# St Barts Forums > St Barts Island Main Forum >  >  Fine Art St. Barth's photography

## ouanalao

Hi all !

In this time of giving I would like to offer 25% off of all my prints to our sbhonline members.

From now until december 25th, all orders made will get a special discount along with free shipping.

You can browse my new website for memorable St Barth photos and all  images on my instagram (@sebmartinon and @spiritofstbarth) are available  for purchase.

https://martinon.photography

Just send me an email at sebastien.martinon@gmail.com with your inquiries and your forum name and we can get started.

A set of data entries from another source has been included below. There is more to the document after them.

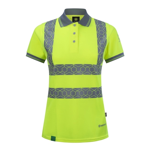 100% Recycled polyester "Bird Eye" fabric. 160gsm fabric weight 3 Button placket. Grey trim to collar and cuffs. Hex patterned heatseal Retro-Reflective tape for comfort and flexability. UV Protective SPF40, "EN 13758-1 - Part 1: Method of test for apparel fabrics." Global Recycled Standard Certificated Tested to 50 washes Conforms to EN ISO 13688:2013+A1:2021 Conforms to EN ISO 20471:2013 +A1:2018 Class 2 high visibility (sizes S+ (08+)) Class 1 high visibility (size XS (06))
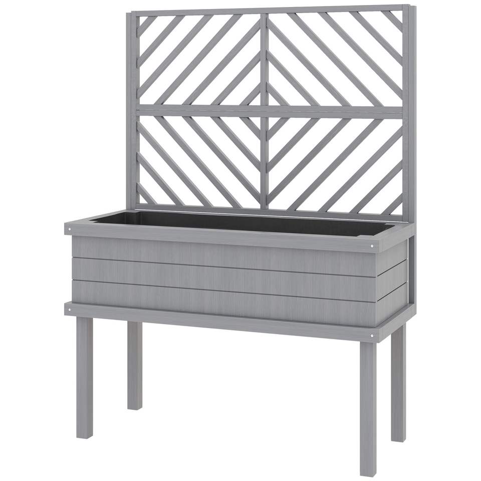 Jardinière surélevée en bois gris avec treillis pour plantes grimpantes Lit de jardin surélevé avec pattes et trous de drainage
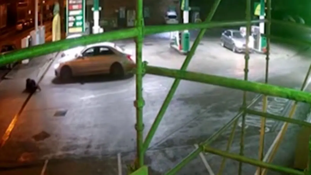 تصادف با عابر پیاده در پمپ بنزین + فیلم
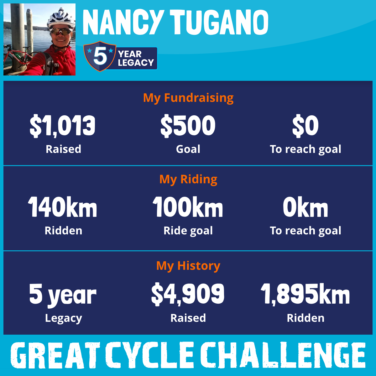 140 km Ridden$1,013 Raised2025
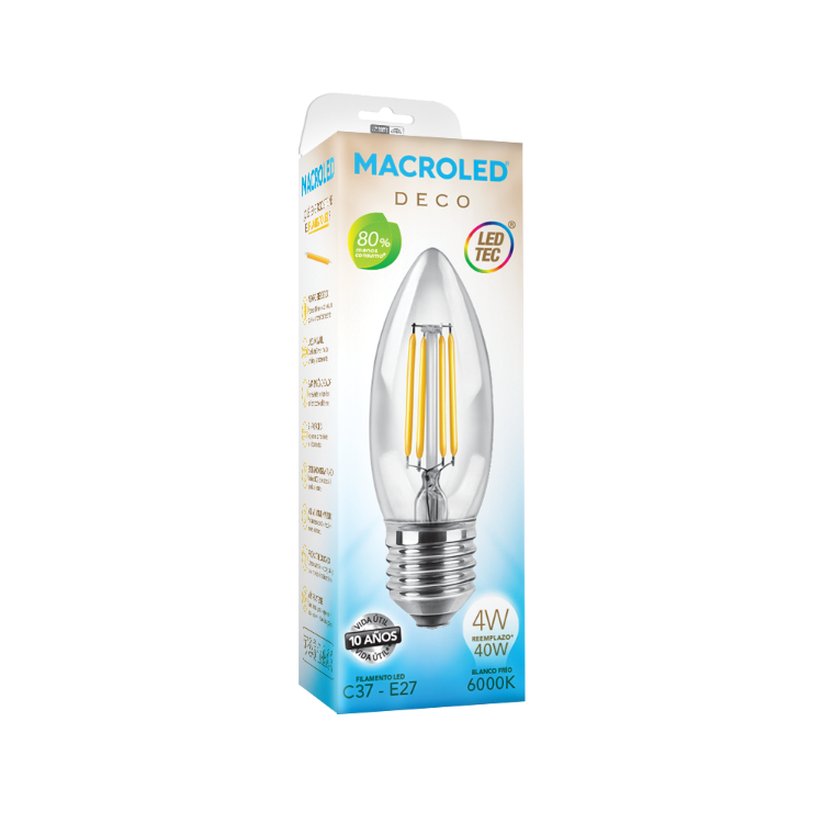 lampara con filamento de led vela 4w e27 luz fria

Wishing you all a great holiday (in St. Barths or elsewhere!).

Best,

Sébastien

----------


## cec1

Beautiful photography & a very generous offer!

----------


## ouanalao

> Beautiful photography & a very generous offer!



Thanks a lot cec1! :)

----------


## amyb

Great captures of the wonders and the splendors  that create this unique island of ST BARTHS.

----------


## TERP37

awesome pictures!!

----------


## ouanalao

> Great captures of the wonders and the splendors  that create this unique island of ST BARTHS.



Thank you Amy!

----------


## ouanalao

> awesome pictures!!



Thank you TERP37!

----------


## jamiem4

Thank you so much! Lovely gifts! Beautiful photography! I will email you for a few I would like for our villa here on SBH (I can pickup locally) and a few to be shipped for friends and family in the States (California). Stay tuned!! Thanks~ Jamie

----------


## NancySC

Ouanalao, the b/w photo of the plane, I noticed the pier into the water, wondering what year that might have been taken ?  also the lack of any buildings or glimpse of any airport !  Lovely photos, thanks for your holiday offer as well.

----------


## KevinS

> Ouanalao, the b/w photo of the plane, I noticed the pier into the water, wondering what year that might have been taken ?  also the lack of any buildings or glimpse of any airport !  Lovely photos, thanks for your holiday offer as well.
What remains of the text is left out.